1.                  Health care insurance will have a very great financial impact upon the employee, and

            2.         This cannot be said to be merely selecting a method of providing coverage.  Indeed, it goes to the fundamental question of what coverage will be provided.

            While the Union representative, Mark Salerno, clearly stated in an email to Patrick Bloomingdale on October 1, 2010, that the employees in IBEW 1483 will not participate in the new CDHC plan that the County has offered, this does not end our inquiry.  The County, according to an email from Patrick Bloomingdale entered October 4, 2010, in response to Mr. Salerno’s email, stated that the County would not be offering the Consumer Directed Health Care plan to the IBEW represented employees.

            The County did commit a prohibited practice when it attempted to implement the health care alternative plan without prior negotiations with the bargaining unit.  We appreciate the statement of Mr. Bloomingdale regarding the administrative challenges in dealing with multiple bargaining units. Nonetheless, the County must negotiate with each of the bargaining units. The need for such negotiations is clear under the framework with which we all must work given the current Industrial Relations Act.  We are not here requiring any number of plans or ruling out one plan, which is for the bargaining process.

            The County having attempted to implement a plan regarding a mandatory subject of bargaining, and the Union then having requested bargaining before implementation, the County’s reaction of simply not offering the new alternative plan to members of any unit wishing to bargain, must be seen as a prohibited practice.  To refuse to bargain over a mandatory subject of bargaining, and instead using the threat of not offering a benefit to those who wish to stand on their rights to bargain, most certainly fits the definition of a prohibited practice.
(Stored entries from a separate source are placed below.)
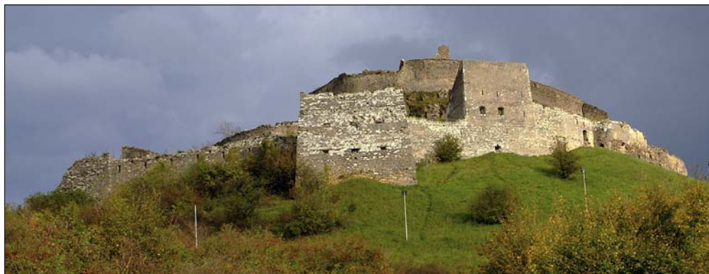
Kóhalom (Rupea) vára. Brassó felé vezető 13. számú (E60) főúton, a megyehatártól kb. 15 km-re van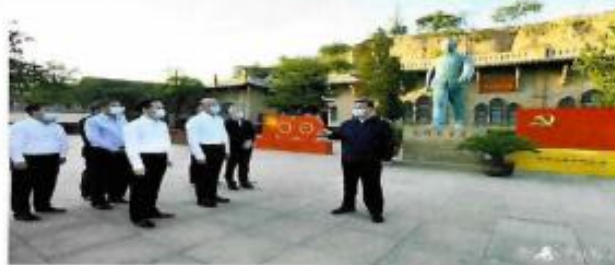
习近平在陕西榆林考察调研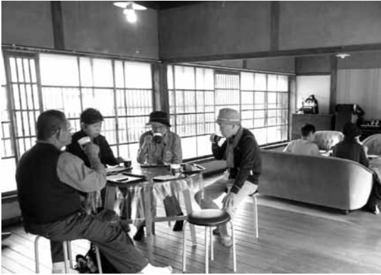
昨年度、むら協の企画として初めて旧木下家でイベントを開催しました。今後もカフェやイベントを開催するため、必要な修繕などを行います。

そのほかにも、旧木下家でのイベント開催に向けた施設の修繕や整備、御墓山の山道整備やPRのためのイベント開催なども計画しています。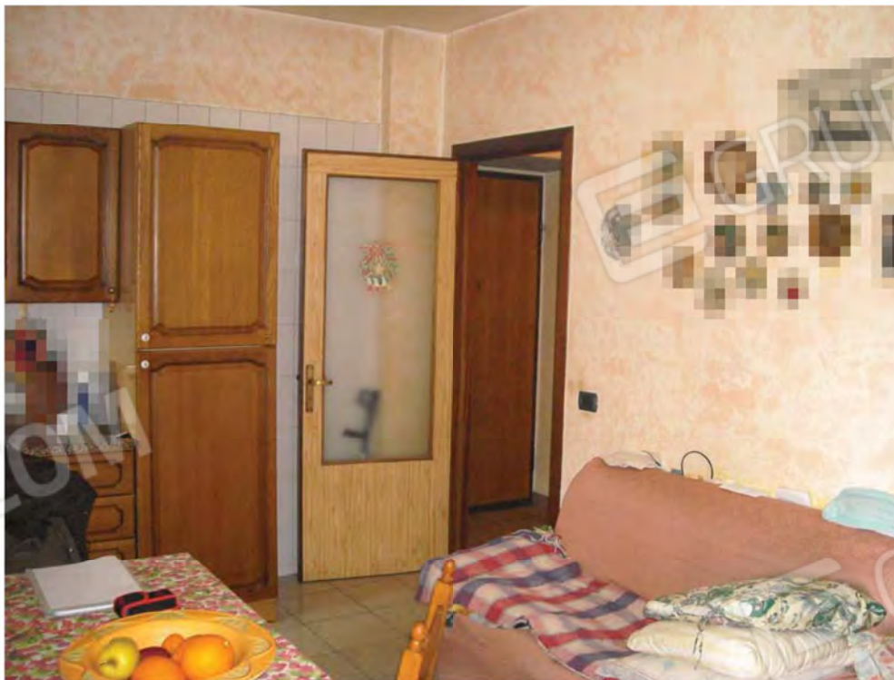
Foto N.20 - cucina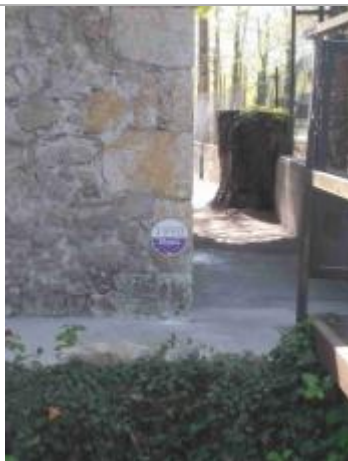
repère de crue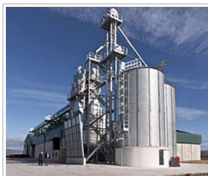
La Sarda kooperatiba.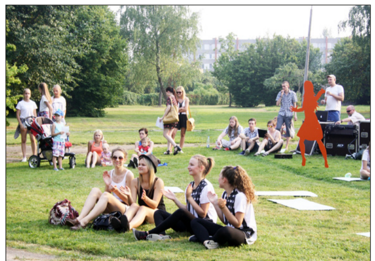
Skatītāji enerģiski atbalstīja un baudīja pasākumu par spīti svelmīgajam karstumam.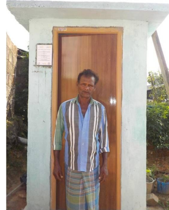
Upcountry Sanitation project at Mayfield Estate – September 2018

Livelihood/Resettlement Assistance – Livelihood projects with provision of boats, engines and nets for resettled families in Sampoor and other areas in the North and East collaborating with mainly Assist RR, a UK Charity. Resettlement assistance in Kancharamodai for families with basic supplies, sanitation and water. Plans include providing livelihood support.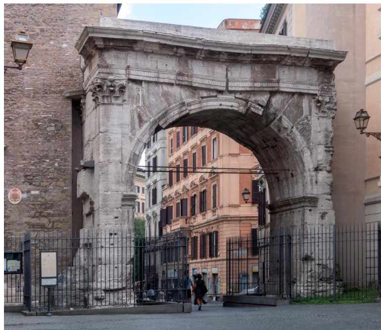
Arcus Gallienus, tidligere Porta Esquilina, i Den servianske Mur.

Den servianske Mur var en vigtig del af Roms forsvar og blev senere forstærket bl.a. under den anden puniske krig (218-201 fvt.), hvor man frygtede, at Hannibal, der drog rundt i Italien med sin hær og sine elefanter, ville angribe Rom: 'Hannibal ad portas!' (d.v.s. Hannibal står ved byens porte). Det gjorde han nu ikke (se nedenfor). Ved den lejlighed blev muren udstyret med katapulter, som romerne brugte til at kaste brændende materialer imod fjenden. Det var jo længe før krudtet blev opfundet. Muren blev igen restaureret under den ødelæggende borgerkrig mellem Marius og Sulla i år 87 f.v.t. Sulla havde tidligere som hærfører for første gang i republikkens historie overtrådt forbuddet mod, at hærførere bragte regulære tropper ind i Rom.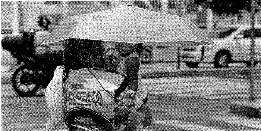
TEMPERATURA aumenta com a diminuição das chuvas neste fim de quadra chuvosa

ALEXIA VIEIRA alexia.vieira@opovo.com.br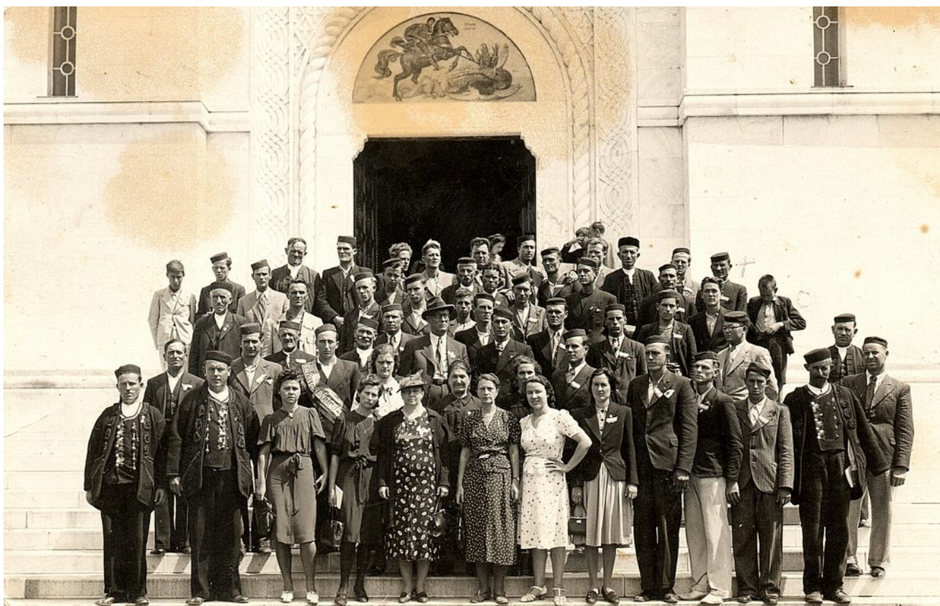
Glazbarski sklad na izletu u Oplencu (ispred crkve sv. Đorđa) Srbija 1937.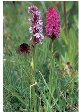
× Gymnigritella suaveolens mit «Eltern» N. rhellicani und Gymnadenia conopsea ; Val Badia, (I), 25. 7. 89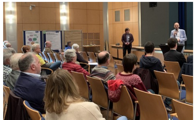
Andreas Buske eröffnet die Öffentlichkeitsveranstaltung.

Wie kann die Mobilität in Weinheim zukunftsfähig organisiert werden? Wie können sich unterschiedliche Verkehrsmittel ergänzen? Und was macht ein lebenswertes, nachhaltiges und klimagerechtes Weinheim für Alle mit Blick auf die Mobilität aus? Unter anderem mit diesen Fragen eröffnete Andreas Buske, Erster Bürgermeister der Stadt Weinheim , den Abend und begrüßte die Anwesenden, denen er für ihr bislang gezeigtes Engagement dankte. Gleichzeitig rief er sie auf, am Ball zu bleiben und sich auch weiterhin einzubringen. Herr Buske betonte die große Bedeutung der nun vorliegenden Analyseergebnisse und hob die Chancen hervor, die darin liegen, aus den Erkenntnissen die richtigen Schlussfolgerungen zu ziehen und in den nachhaltigen Mobilitätsplan Weinheim 2040 einfließen zu lassen.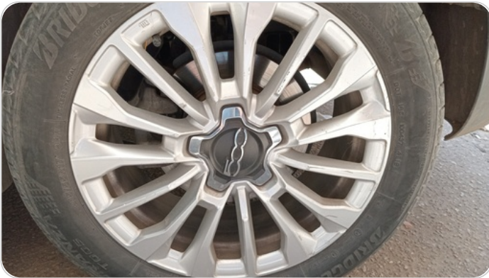
حالة الجنوط الخلفي : تجريحات بسيطه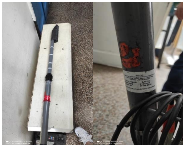
Slika 23. i 24. Detektor napona 6 – 690 V [9]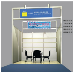
标摊展位增加标识板效果图

(2) 现场申报：为方便您的申报工作的顺利进行，请您在开展前两天的 12:00 前到客户服务中心现场服务点办理申请和交费。现场交费完成后，请将所需输出的电子文档发至指定邮箱 chenweijuan@cfedc.net 。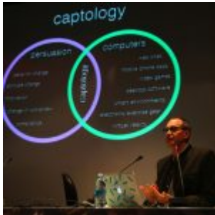
Flashback - Facebook utilise la « captologie » pour influencer ses moutons numériques

Facebook utilise la « captology » pour influencer ses moutons numériques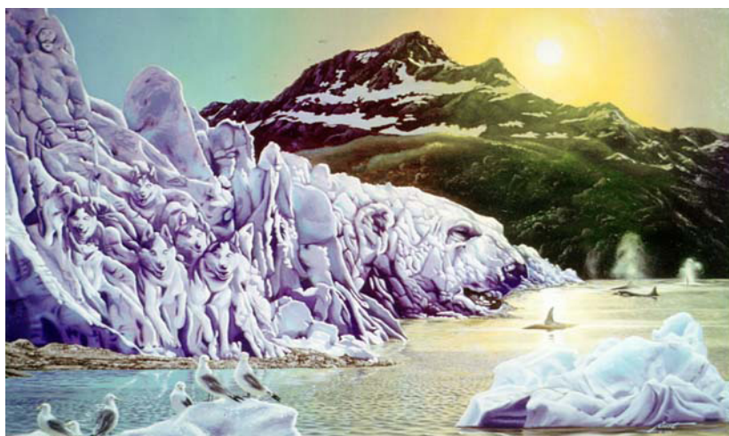
Рис. 12. Boris Vallejo

Совершенствуя свою изобразительную культуру, студент учится образно и пространственно мыслить, что отражается и в критериях оценки проекта: образное соответствие отмывки характеру архитектурного сооружения; грамотное изображение фасада в окружающей среде; грамотное построение чертежа и теней, композиция чертежа, графическое мастерство тонового моделирования крупной архитектурной формы.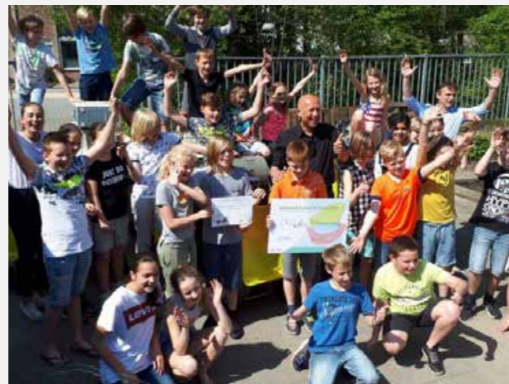
Geervliet - OBS Markenburg Werken aan duurzaamheid Met de inzameling van 10.234 stuks afval wint OBS Markenburg op 20 april de E-waste Race Nissewaard.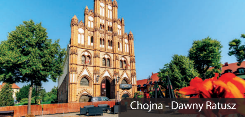
Chojna - Dawny Ratusz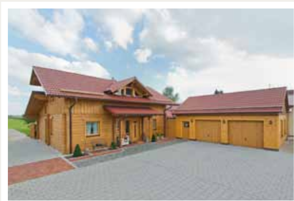
Die Dachgaube und das separate Vordach betonen den zentralen Hauseingang.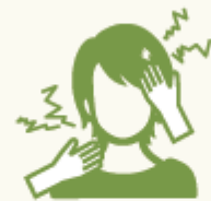
肌（額や首）がかゆい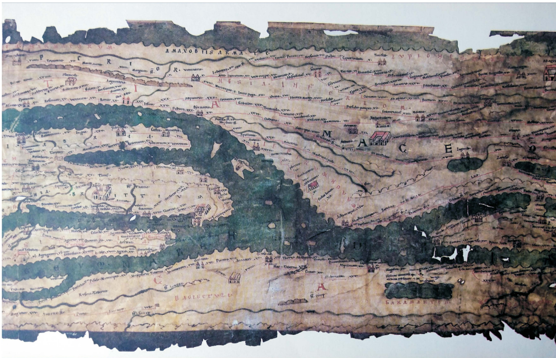
Слика 2 – Tabulla Peutingeriana (према: Г. Шкриванић, Југословенске земље на Појтингеровој табли, у: Monumenta cartographica Jugoslaviae I , ур: Реља Новаковић, Историјски институт, Посебна издања, књика 17, Београд 1975, 32-58.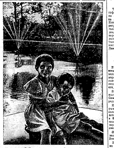
В Кольском озере. Дети у фонтана.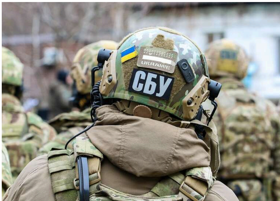
СБУ зірвала теракти у Кременчуці: затримано 17-річного агента РФ

Контррозвідка Служби безпеки запобігла новим терактам на Полтавщині. Завдяки діям на випередження затримано неповнолітнього агента рф, який готував одразу два вибухи в Кременчуку.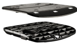
SEDILE INNESTO RAPIDO DONATI TRASLA 3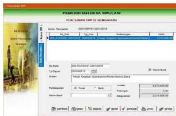
Gambar 4.18 Menu Pencatatan Pencairan SPP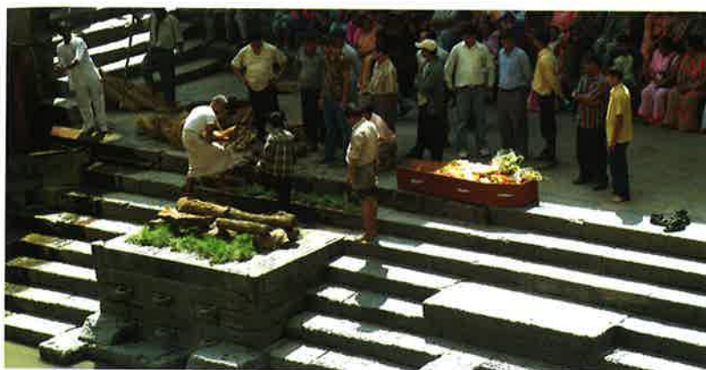
Hinduar gera klárt at brenna lík.

Endin á samsara er moksha. Allir hinduar vóna at náa hagar og ongantíð at fœðast aftur, men verða sameindir við brahman, sálina í øllum livandi, har alt byrjaði.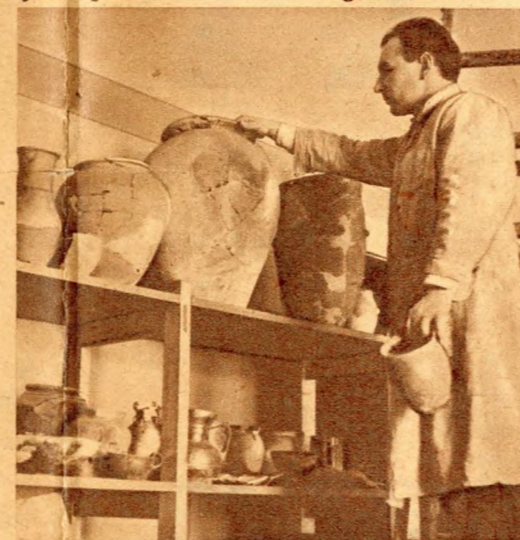
Összetört cserepekből kincset érő régiséget ragasztanak össze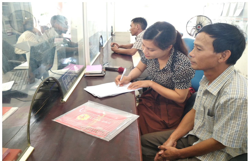
Người dân làm thủ tục tại bộ phận 1 cửa của Xã Hiền Thành được cán bộ xã trực tiếp hướng dẫn làm thủ tục.

quả quản lý nhà nước. Tiêu biểu có 5 mô hình giúp thực hiện có hiệu quả sáng kiến “Cải cách thủ tục hành chính gần dân, vì dân” gồm: mô hình “Thân thiện với người dân” tạo không gian, không khí thân thiện gần gũi, cởi mở để đón tiếp công dân đến thực hiện các thủ tục hành chính; mô hình “Chia sẻ, chúc mừng, động viên” đối với các hộ gia đình, cá nhân đến đăng ký khai sinh, đăng ký kết hôn, đăng ký khai tử sẽ gửi thư chúc mừng hoặc chia buồn; mô hình “Ngày không viết, không hẹn” thực hiện trong một ngày cố định trong tuần trong giờ hành chính do công chức, đoàn viên thanh niên hỗ trợ ghi thay các loại giấy tờ; mô hình “3 giảm” trong cải cách thủ tục hành chính” gồm giảm thủ tục, thời gian, chi phí trong thực hiện thủ tục hành chính;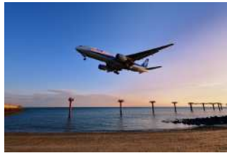
『海の上の進入灯』 弘中 伸治様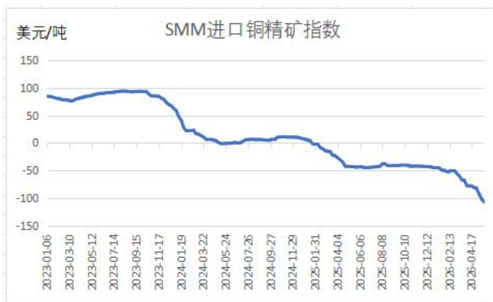
图表 2 进口铜精矿指数

据外媒5月8日报道，自由港已将旗下位于印尼的Grasberg铜矿全面复产时间推迟至2028年初，较此前预期晚一年。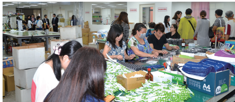
●禮想家除數位化設備之外，更有堅強的後加工服務

此外，禮想家所投資的設備當中最重要的主力機種幾乎都是Mimaki所生產或代理的，陳總曾打趣地表示，禮想家不但是Mimaki的標準示範廠，同時也是忠誠度最高的客戶，現今廠內Mimaki各種功能用途、各式規格的設備多達近20部，茲列舉如下：(1)Monti mod 70織帶熱轉印機1部。(2)Monti mod 853熱轉印機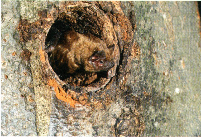
Abb. 24: Grosser Abendsegler (Mülligen, 17. Jan. 1994)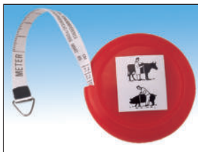
850200. Cinta ENROLLABLE. Vacuno y porcino.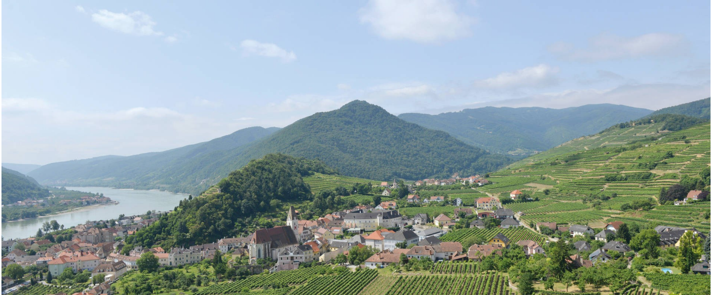
Spitz an der Donau

Dieses Mal fahren wir unser Nachbarland Österreich in die Wachau. Da dieses Jahr die Hotels für eine so große Gruppe, wie wir es sind, nahezu ausgebucht waren, mussten wir die Fahrt in den Goldenen Oktober ( hoffentlich ) verlegen. Das kleine Weinstädtchen Spitz ist unser Ziel. Wir kommen gerade richtig zum „SPITZER TERRASSENWEINHERBST“ bei dem die Möglichkeit besteht, sich durch die Weinkeller zu trinken und zu feiern. Doch auch die Kultur soll nicht zu kurz kommen. Wir besuchen das Stift Melk. Dort dürfen wir voraussichtlich singen. Ich kläre dies gerade ab. Der Pfarrer von Spitz hat schon zugesagt.

            The problem in this case is fashioning the appropriate remedy.  The County has already said it will not implement the new alternative plan as to the members of this unit.  Therefore, the only adequate remedy available is to order the County to negotiate with the members of IBEW Local 1483 with regard to the optional CDHC plan. The Respondent shall recommence good faith negotiations over this issue within thirty (30) days.        

Attorney Fees 

Not every prohibited practice will result in an award of attorney fees. To support an award of fees, under CIR Rule 42(b)(2a), it must be found that the party in violation has undertaken a pattern of repetitive, egregious, or willful prohibitive practice. We are not satisfied that there is sufficient evidence before us to find that the Respondent has been willfully refusing to bargain over health insurance. We do note the emerging pattern of Douglas County and its refusal to negotiate over mandatory subjects of bargaining. This issue of attorney fees is a close call in this case, especially when the evidence in successive cases starts to show a pattern of practice. Nonetheless, we can find no direct evidence of repetitive, egregious or willful behavior. Therefore, since no evidence of repetitive, egregious, or willful behavior exists, we do not award attorney fees in the instant case. 


1.      The Petitioner’s cause of action relating to the Criminalistics Manager position is dismissed.

2.       The parties shall recommence good faith negotiations over the issue of the CDHC plan within thirty (30) days and shall negotiate in good faith until an agreement has been reached or by further order of the Commission.

All commissioners assigned to the panel in this case join in the entry of this Order.